= Action item =
If an entry holds a picture, leave that picture out; copy everything else exactly.

= Task input =

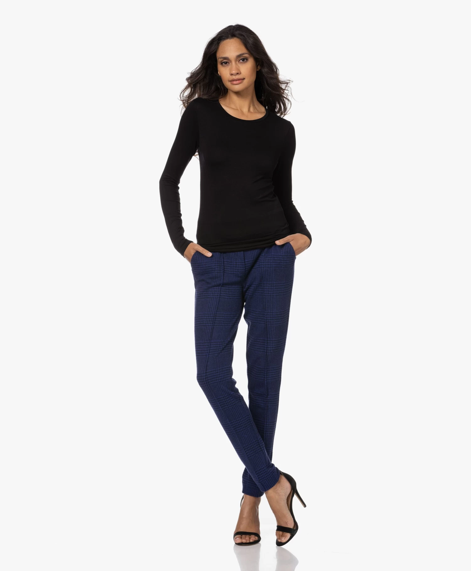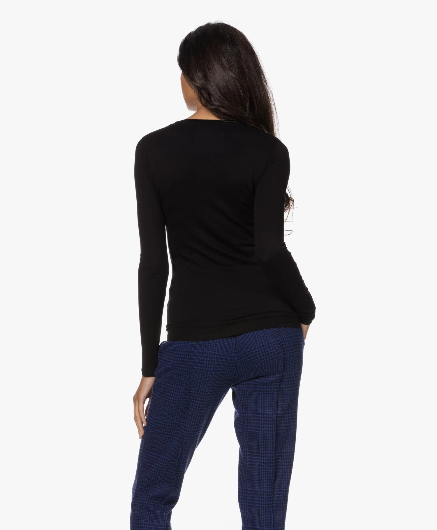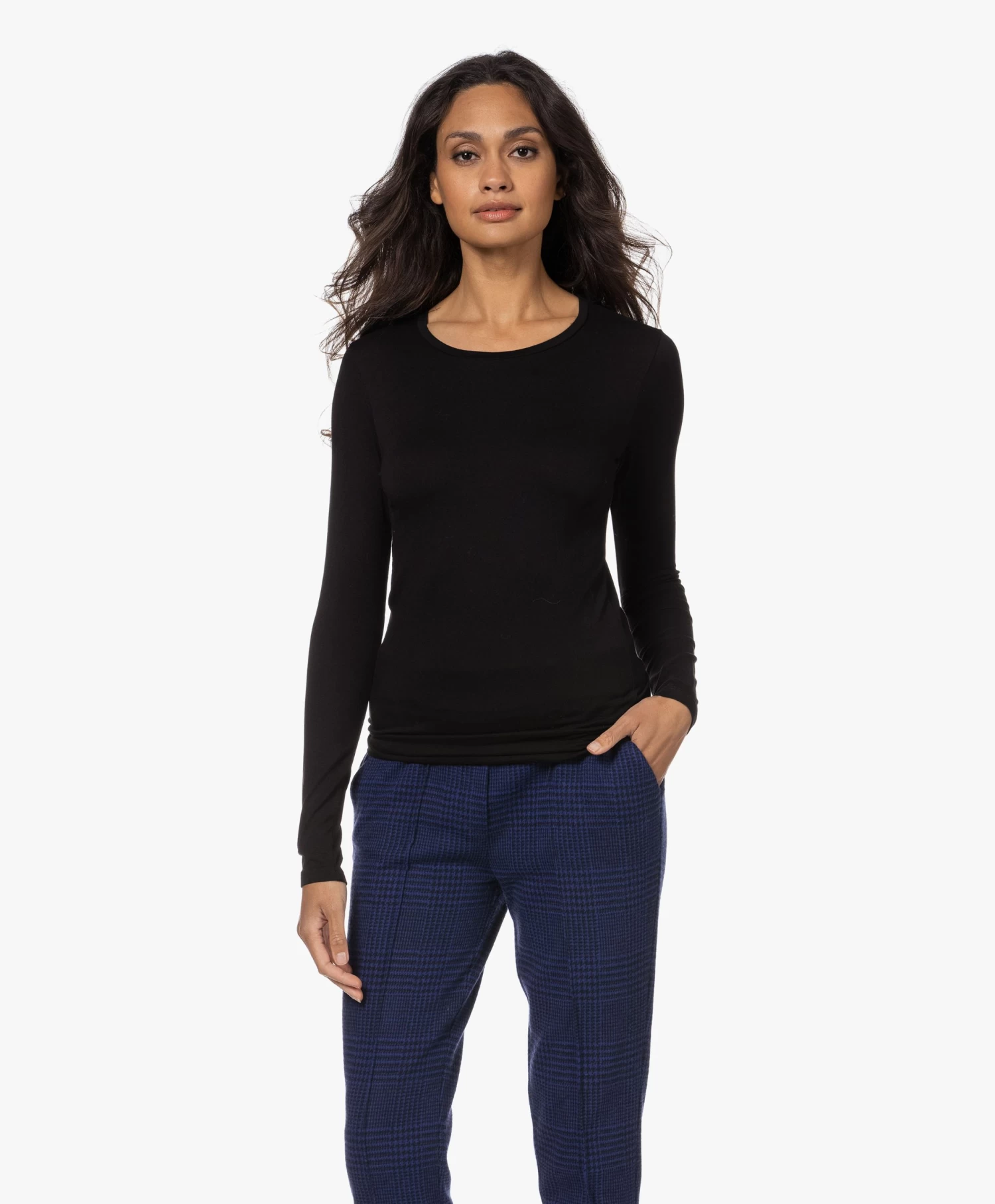 De perfecte basis voor iedere look creëer je met de garderobe essentials van Majestic Filatures! Deze longsleeve komt in zwart, is gemaakt van een verfijnde, ‘soft touch’ jersey kwaliteit van viscose en heeft een moderne, hoge ronde hals. Veelzijdig te stijlen en het hele jaar door te dragen. Â
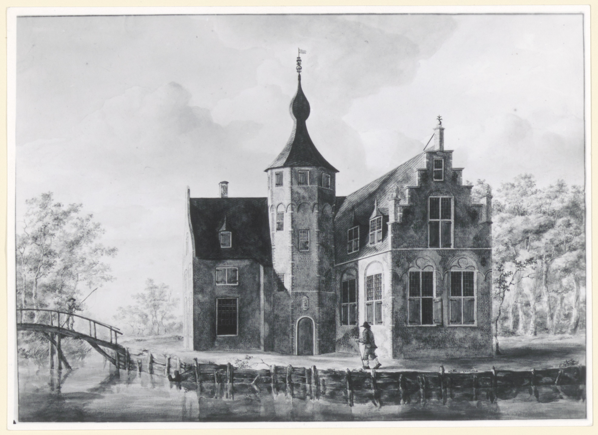 - Kasteeltje met 8-hoekige toren en slotgracht; niet bekend waar.?
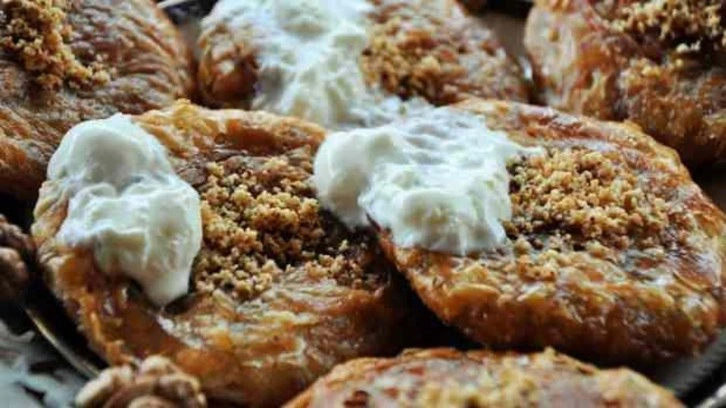 Melengüccek tatlılarınızın üzerini manda kaymağı ile süsleyin. Dilerseniz bu aşamada üzerine ceviz veya fındık da serpebilirsiniz.
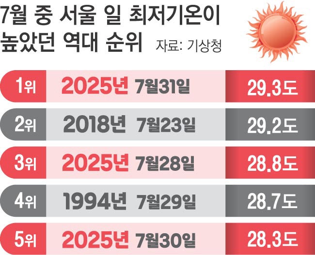 2. 여름 끝나기도 전에 벌써 불더위 신기록 연속 → 6, 7월 전국 평균 30.1도, 30일 서울의 최저기온 29.3도, 서울 열대야 일수(22일)도 117년간 기상 관측 이래 최고, 최장... 이 기록은 계속 경신 중.(경향 외)
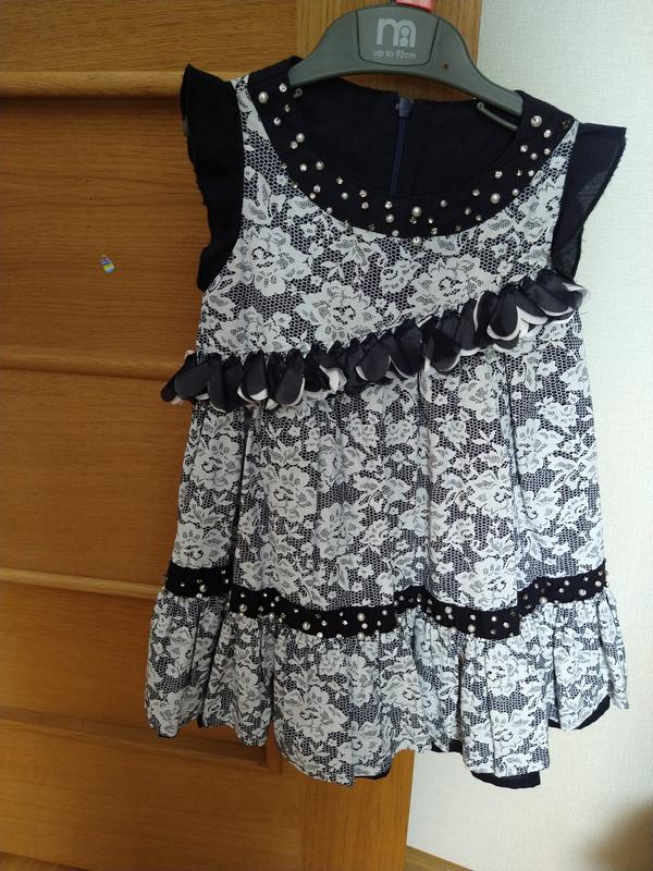 Красивое нарядное платье для девочки. Украшено пришитыми бусинами. А силуэт. Куплено на день рождение 2 года. Одето 1 раз, оказалось немного широкое, великовато.
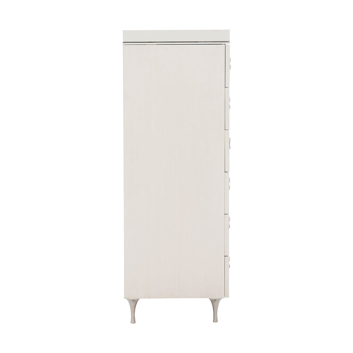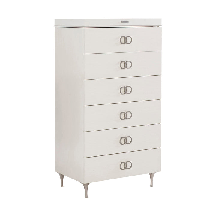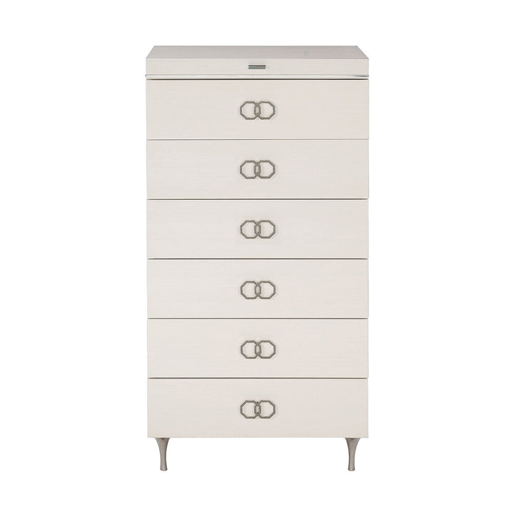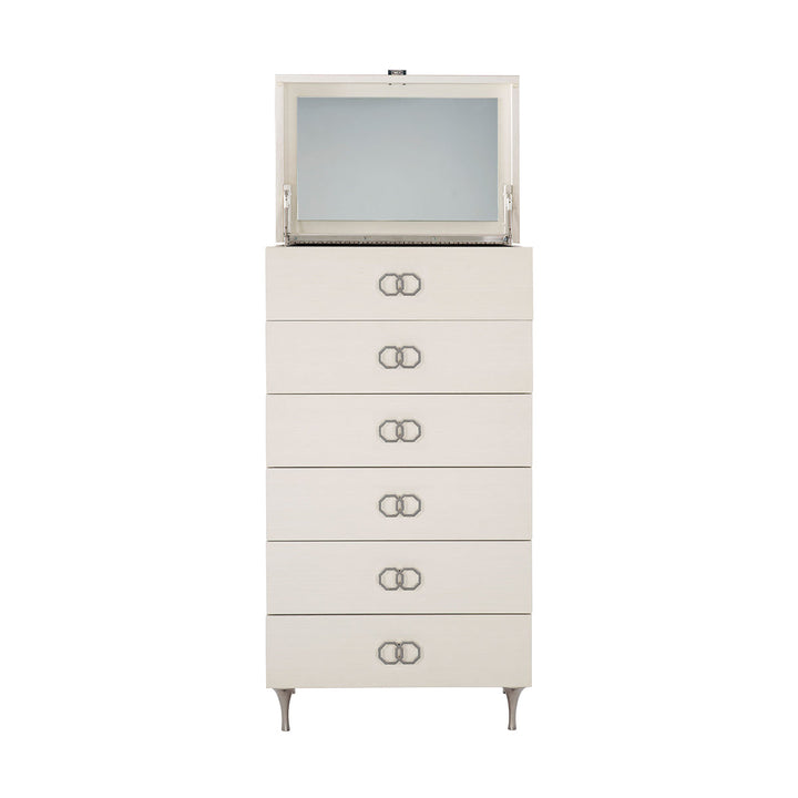Minimal dresser takes a modern turn in Eggshell finish. A tall, clean-lined form houses six roomy soft-closing drawers, beautifully securing your belongings. Subtle details include interlocking Polished Stainless Steel octagon-shaped hardware and a lift-up mirrored lid that reveals a Black felt-lined jewelry tray. Four chic legs keep it steady and bring in a plush appeal.
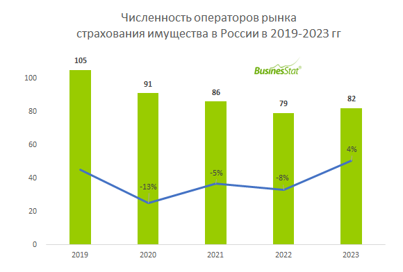 В 2019-2023 гг численность страховщиков на рынке страхования имущества в России сократилась на 22%: со 105 до 82 компаний.
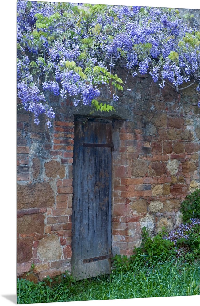 <p>Italy, Tuscany. Wisteria blossoms hang over an old doorway in Pienza.</p>
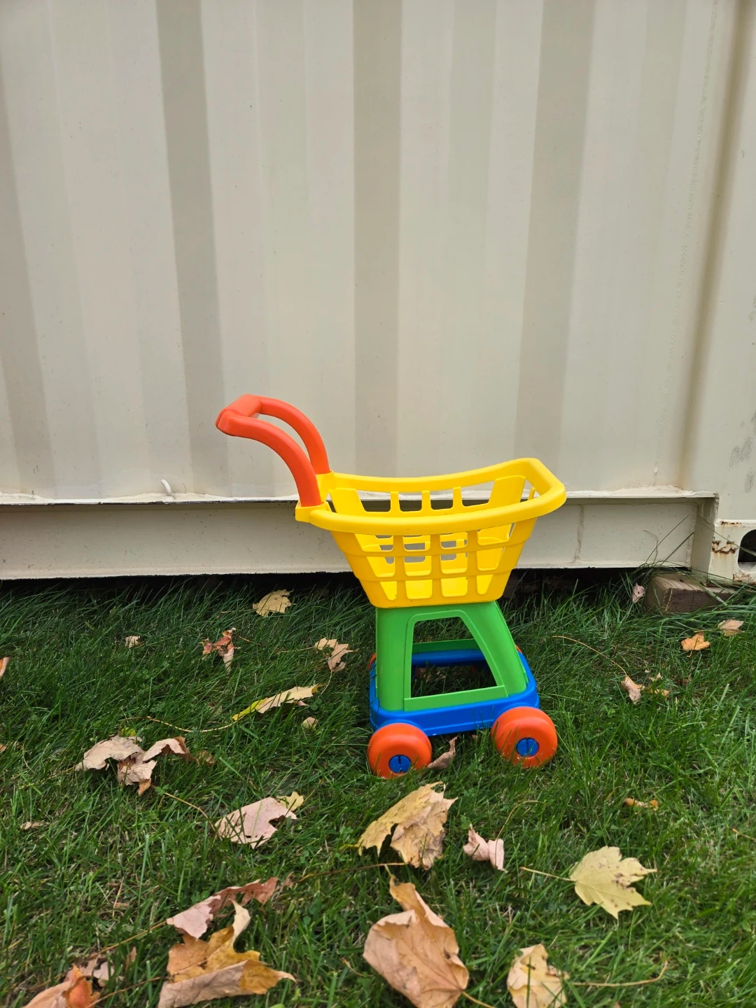 Selling a cute and colourful toy shopping cart for kids! It's in great condition and perfect for pretend play. The cart features a yellow basket, orange handle, green body, and blue wheels.

= Expected output =
 De perfecte basis voor iedere look creëer je met de garderobe essentials van Majestic Filatures! Deze longsleeve komt in zwart, is gemaakt van een verfijnde, ‘soft touch’ jersey kwaliteit van viscose en heeft een moderne, hoge ronde hals. Veelzijdig te stijlen en het hele jaar door te dragen. Â
 - Kasteeltje met 8-hoekige toren en slotgracht; niet bekend waar.?
 Melengüccek tatlılarınızın üzerini manda kaymağı ile süsleyin. Dilerseniz bu aşamada üzerine ceviz veya fındık da serpebilirsiniz.
 2. 여름 끝나기도 전에 벌써 불더위 신기록 연속 → 6, 7월 전국 평균 30.1도, 30일 서울의 최저기온 29.3도, 서울 열대야 일수(22일)도 117년간 기상 관측 이래 최고, 최장... 이 기록은 계속 경신 중.(경향 외)
 Красивое нарядное платье для девочки. Украшено пришитыми бусинами. А силуэт. Куплено на день рождение 2 года. Одето 1 раз, оказалось немного широкое, великовато.
Minimal dresser takes a modern turn in Eggshell finish. A tall, clean-lined form houses six roomy soft-closing drawers, beautifully securing your belongings. Subtle details include interlocking Polished Stainless Steel octagon-shaped hardware and a lift-up mirrored lid that reveals a Black felt-lined jewelry tray. Four chic legs keep it steady and bring in a plush appeal.
 В 2019-2023 гг численность страховщиков на рынке страхования имущества в России сократилась на 22%: со 105 до 82 компаний.
 <p>Italy, Tuscany. Wisteria blossoms hang over an old doorway in Pienza.</p>
 Selling a cute and colourful toy shopping cart for kids! It's in great condition and perfect for pretend play. The cart features a yellow basket, orange handle, green body, and blue wheels.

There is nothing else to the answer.